News :: International Relations
To hell with Judith Miller
That’s what I said. And to hell with the press’s sanctimonious lamentations over First Amendment rights. If they were so fucking committed to the press being some kind of democratic tripwire, they wouldn’t behave like such craven hucksters about virtually every real issue that comes along. In particular, they would be critical of themselves about the likes of propaganda hacks like Judith Miller.
Jose Padilla, Wen Ho Lee, and lengthening list of others have had their Constitutional rights trampled as public spectacles in which the press participates as eagerly as any lynching crowd on a picnic, but where was Judith Miller when all this was happening?
She was working for the White House as a disinformation specialist even as she worked for the mighty New York fucking Times, helping the administration make its case for the war in Iraq. No single reporter was more solicitous in retransmitting the Rendon Group’s fabrication about mushroom clouds over New York and the Saddam-A-bomb.
It’s unlikely that more than a handful of reporters in the ntaion had as many chances as Miller to rub elbows with Dick Cheney’s favorite Iraqi advisor, Rendon Group vet, con man, and convicted embezzler, Ahmed Chalabi. Miller appeared at one point in Iraq to be actually working for Chalabi while working as an embedded reporter.

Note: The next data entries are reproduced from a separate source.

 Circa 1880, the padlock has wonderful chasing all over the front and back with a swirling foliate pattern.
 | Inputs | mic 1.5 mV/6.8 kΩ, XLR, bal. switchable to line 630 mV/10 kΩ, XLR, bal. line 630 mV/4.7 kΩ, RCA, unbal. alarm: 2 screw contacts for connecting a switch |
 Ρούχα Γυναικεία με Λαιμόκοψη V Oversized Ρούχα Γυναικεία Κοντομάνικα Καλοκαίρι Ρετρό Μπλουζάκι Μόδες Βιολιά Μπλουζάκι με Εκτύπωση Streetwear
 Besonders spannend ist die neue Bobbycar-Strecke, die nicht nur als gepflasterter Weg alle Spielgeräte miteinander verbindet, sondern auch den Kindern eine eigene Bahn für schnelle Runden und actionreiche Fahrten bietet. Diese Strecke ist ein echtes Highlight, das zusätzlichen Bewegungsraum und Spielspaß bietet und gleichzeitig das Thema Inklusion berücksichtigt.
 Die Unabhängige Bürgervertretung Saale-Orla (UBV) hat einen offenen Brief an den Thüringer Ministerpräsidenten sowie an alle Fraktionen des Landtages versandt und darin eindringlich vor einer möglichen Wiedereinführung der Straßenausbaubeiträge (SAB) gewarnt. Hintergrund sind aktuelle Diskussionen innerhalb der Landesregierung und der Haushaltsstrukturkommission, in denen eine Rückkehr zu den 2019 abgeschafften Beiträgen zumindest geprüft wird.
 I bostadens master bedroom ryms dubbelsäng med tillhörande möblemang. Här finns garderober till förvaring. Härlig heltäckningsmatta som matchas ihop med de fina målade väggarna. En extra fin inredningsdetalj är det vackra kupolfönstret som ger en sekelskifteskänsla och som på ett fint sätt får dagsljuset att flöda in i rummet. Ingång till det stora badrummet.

Little wonder, then, that Cheney’s chief of staff, I. Scooter Libby, is a prime target of the investigation into the administration’s vengeance outing of CIA agent Valerie Plame, when her husband Joseph Wilson refused to doctor evidence for the Bush administration to develop the weird claim that Iraq was buying weaponizable uranium from Niger. Libby, or whomever (someone on the White House staff) “leaked” Plame’s identity as a U.S. intelligence operative abroad - which is a felony violation of federal law.

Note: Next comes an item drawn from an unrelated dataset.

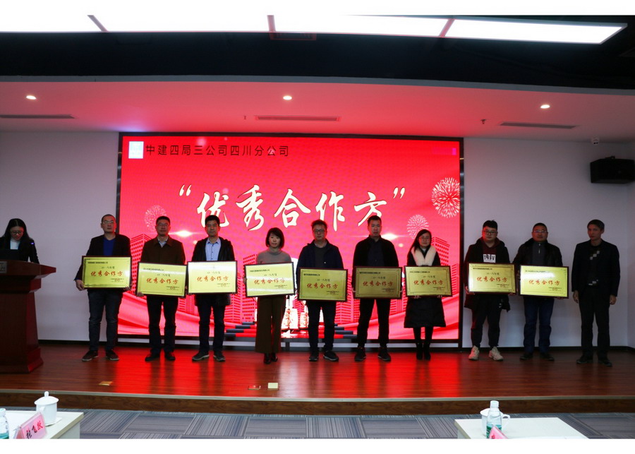 2019年1月5日,中建四局三公司年度“分包供商座谈会”隆重举行。经该公司物资部、生产部、工程部等多个部门评分,成都宏基建材股份有限公司荣获“优秀合作方”的荣誉,成为唯一获得此荣誉的混凝土供应商。销售总监杨宗余女士受邀代表公司参会并授奖。
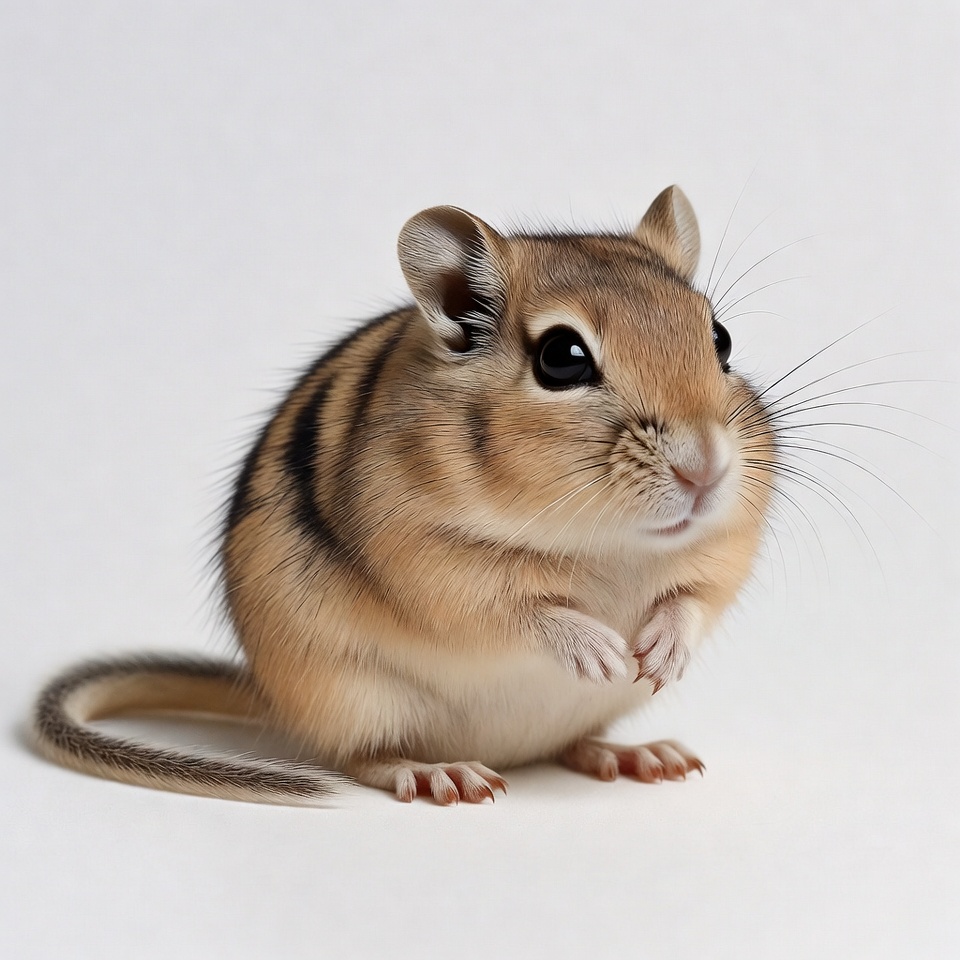 A small chipmunk with light brown fur and dark stripes sits on a plain white background. It has large black eyes, prominent whiskers, and tiny paws held close to its chest. The chipmunk faces forward with a curious expression.

Me. I don’t sit around losing sleep at night about the disempowerments of the Cenral Intelligence Agency (they’ve done more to disempower themselves than any opponent could ever do). I admit I’m seriously into situational ethics here… the ethics being whether the protections that ostensibly exist for journalists and their sources being a means to protect the public FROM official power can be reasonably claimed when a reporter lets themselves be used BY official power to punish people like Wilson for having a shred of integrity. I’ve always thought the categorical imperative is a form of detached philospohical stupidity anyhow. This case seems to prove that.
It’s an obligation for political activists to know what the masses are watching on television, so every day I try to force myself to see a bit of CNN, a bit of MSNBC, a bit of local affiliate news. It’s about as joyful as having a sea urchin packed up your ass, but it still seems like an obligation. It seldom changes, this self-referential parade of air-brushed news-models regurgitating the manufactured cliche of the day, and slobbering over think-tank reptiles and retired generals who are themselves reduced to preaning cheap-jackery before narcotic America.

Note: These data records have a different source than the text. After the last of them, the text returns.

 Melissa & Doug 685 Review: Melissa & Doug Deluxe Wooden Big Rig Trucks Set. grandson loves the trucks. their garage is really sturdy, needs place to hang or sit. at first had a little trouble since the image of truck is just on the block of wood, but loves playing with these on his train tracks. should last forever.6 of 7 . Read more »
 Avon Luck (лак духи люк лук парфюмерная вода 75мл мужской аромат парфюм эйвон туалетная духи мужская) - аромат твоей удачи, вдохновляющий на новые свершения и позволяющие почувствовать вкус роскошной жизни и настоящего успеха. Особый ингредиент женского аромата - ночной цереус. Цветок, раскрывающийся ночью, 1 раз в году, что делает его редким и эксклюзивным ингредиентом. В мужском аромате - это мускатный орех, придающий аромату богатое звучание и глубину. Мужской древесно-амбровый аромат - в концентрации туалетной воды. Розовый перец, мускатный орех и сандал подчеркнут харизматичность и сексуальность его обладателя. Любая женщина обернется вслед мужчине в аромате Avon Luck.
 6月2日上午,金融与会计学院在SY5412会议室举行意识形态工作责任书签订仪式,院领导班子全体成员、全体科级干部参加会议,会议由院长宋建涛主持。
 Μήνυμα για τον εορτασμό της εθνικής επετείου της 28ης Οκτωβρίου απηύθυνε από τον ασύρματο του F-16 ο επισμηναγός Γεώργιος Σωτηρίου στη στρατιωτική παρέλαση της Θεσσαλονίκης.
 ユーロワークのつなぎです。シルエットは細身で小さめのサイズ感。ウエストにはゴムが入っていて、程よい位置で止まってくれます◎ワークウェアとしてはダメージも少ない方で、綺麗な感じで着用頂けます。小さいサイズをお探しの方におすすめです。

It’s only the shortest step between this and Judith Miller’s breathless ranting about Saddam’s bombs on the flagshit NYT. I can’t for the life of me figure out why anyone would give the NYT any more credence than the fucking Debka-file. They get things right about equally as often.
When I see them give as much ink to Jose Padilla as they are to this vicious, self-serving hack, who willlingly let herself be used by the White House she now calims the First Amendment to protect, I’ll stand in front of the Supreme Court with a “Free the lying little shit” sign. But for now, she can rot for all the hell I care, and I’d be delighted to see “Scooter” Libby in the same cell block.